─── Provided records

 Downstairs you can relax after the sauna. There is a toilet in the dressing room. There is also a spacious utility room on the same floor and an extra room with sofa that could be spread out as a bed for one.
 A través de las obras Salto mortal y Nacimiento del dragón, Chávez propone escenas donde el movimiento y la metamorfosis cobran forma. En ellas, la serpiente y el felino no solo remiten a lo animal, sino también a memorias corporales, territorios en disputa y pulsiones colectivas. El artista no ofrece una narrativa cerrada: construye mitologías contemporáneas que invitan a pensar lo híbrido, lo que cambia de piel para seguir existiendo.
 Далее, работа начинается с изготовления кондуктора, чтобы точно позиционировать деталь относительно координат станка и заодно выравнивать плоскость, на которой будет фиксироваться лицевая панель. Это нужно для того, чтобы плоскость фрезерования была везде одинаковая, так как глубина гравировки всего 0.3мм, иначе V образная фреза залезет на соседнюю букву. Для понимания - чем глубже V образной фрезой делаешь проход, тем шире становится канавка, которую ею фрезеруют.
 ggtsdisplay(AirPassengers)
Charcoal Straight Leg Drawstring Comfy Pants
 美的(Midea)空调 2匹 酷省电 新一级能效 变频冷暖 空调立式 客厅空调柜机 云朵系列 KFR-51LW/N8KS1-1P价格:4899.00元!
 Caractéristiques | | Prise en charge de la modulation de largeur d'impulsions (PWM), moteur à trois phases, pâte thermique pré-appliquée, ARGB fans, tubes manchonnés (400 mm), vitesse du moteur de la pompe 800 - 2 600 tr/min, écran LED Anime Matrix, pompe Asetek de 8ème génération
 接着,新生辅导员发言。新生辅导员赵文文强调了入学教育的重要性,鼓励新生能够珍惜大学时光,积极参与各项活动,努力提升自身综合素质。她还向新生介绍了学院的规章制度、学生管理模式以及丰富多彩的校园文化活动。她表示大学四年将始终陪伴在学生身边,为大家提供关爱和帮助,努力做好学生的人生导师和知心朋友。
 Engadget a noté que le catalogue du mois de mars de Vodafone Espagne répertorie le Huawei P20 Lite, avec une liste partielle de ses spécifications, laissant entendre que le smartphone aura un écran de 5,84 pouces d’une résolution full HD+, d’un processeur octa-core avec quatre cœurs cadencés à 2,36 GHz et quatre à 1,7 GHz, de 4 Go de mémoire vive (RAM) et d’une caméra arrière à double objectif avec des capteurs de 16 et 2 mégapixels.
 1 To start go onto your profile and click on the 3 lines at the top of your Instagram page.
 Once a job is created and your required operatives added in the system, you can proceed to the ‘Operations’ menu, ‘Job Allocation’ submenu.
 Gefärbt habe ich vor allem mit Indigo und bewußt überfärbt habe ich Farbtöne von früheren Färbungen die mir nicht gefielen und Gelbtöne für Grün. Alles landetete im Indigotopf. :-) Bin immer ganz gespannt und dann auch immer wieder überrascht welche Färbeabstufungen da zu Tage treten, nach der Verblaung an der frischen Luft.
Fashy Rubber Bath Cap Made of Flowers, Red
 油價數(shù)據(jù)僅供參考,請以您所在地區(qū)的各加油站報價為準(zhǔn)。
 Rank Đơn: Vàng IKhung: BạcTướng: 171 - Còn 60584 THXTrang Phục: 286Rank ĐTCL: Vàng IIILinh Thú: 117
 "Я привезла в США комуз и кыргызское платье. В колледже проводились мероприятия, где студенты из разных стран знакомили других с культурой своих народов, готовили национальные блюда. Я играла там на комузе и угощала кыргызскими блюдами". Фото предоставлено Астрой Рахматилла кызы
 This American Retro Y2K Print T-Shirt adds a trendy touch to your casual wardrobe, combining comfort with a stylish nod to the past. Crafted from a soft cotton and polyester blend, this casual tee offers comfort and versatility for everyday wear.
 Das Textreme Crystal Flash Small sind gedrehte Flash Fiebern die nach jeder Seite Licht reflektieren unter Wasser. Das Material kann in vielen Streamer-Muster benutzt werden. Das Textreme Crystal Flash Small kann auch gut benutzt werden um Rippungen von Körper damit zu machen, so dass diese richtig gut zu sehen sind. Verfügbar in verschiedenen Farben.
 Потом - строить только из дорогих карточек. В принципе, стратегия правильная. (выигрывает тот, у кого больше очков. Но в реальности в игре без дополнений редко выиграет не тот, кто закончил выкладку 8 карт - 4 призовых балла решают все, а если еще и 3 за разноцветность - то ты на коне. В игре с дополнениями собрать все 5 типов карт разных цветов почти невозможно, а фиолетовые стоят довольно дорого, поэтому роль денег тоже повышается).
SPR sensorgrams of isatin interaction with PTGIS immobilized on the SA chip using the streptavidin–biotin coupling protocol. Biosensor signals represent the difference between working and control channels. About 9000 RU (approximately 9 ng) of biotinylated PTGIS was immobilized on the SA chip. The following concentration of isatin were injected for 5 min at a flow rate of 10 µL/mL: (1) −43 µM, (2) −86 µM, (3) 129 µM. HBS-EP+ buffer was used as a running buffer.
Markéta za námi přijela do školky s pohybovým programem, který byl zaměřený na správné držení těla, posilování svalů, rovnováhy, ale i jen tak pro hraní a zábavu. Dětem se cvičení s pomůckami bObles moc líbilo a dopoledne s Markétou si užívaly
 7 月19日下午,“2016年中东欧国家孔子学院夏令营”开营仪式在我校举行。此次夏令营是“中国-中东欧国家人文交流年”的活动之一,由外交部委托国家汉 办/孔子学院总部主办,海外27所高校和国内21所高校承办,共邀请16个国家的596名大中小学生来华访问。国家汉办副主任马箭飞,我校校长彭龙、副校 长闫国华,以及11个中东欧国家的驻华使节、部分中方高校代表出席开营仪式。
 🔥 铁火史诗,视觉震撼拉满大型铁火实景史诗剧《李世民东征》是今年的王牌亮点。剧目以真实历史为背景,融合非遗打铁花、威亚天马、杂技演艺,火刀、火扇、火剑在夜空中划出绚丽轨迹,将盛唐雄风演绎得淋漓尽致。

──────

How to complete this task =
Which lines should be output? Exactly those from the first line of the data through the line containing "A través de", inclusive.

Result for this task =
 Downstairs you can relax after the sauna. There is a toilet in the dressing room. There is also a spacious utility room on the same floor and an extra room with sofa that could be spread out as a bed for one.
 A través de las obras Salto mortal y Nacimiento del dragón, Chávez propone escenas donde el movimiento y la metamorfosis cobran forma. En ellas, la serpiente y el felino no solo remiten a lo animal, sino también a memorias corporales, territorios en disputa y pulsiones colectivas. El artista no ofrece una narrativa cerrada: construye mitologías contemporáneas que invitan a pensar lo híbrido, lo que cambia de piel para seguir existiendo.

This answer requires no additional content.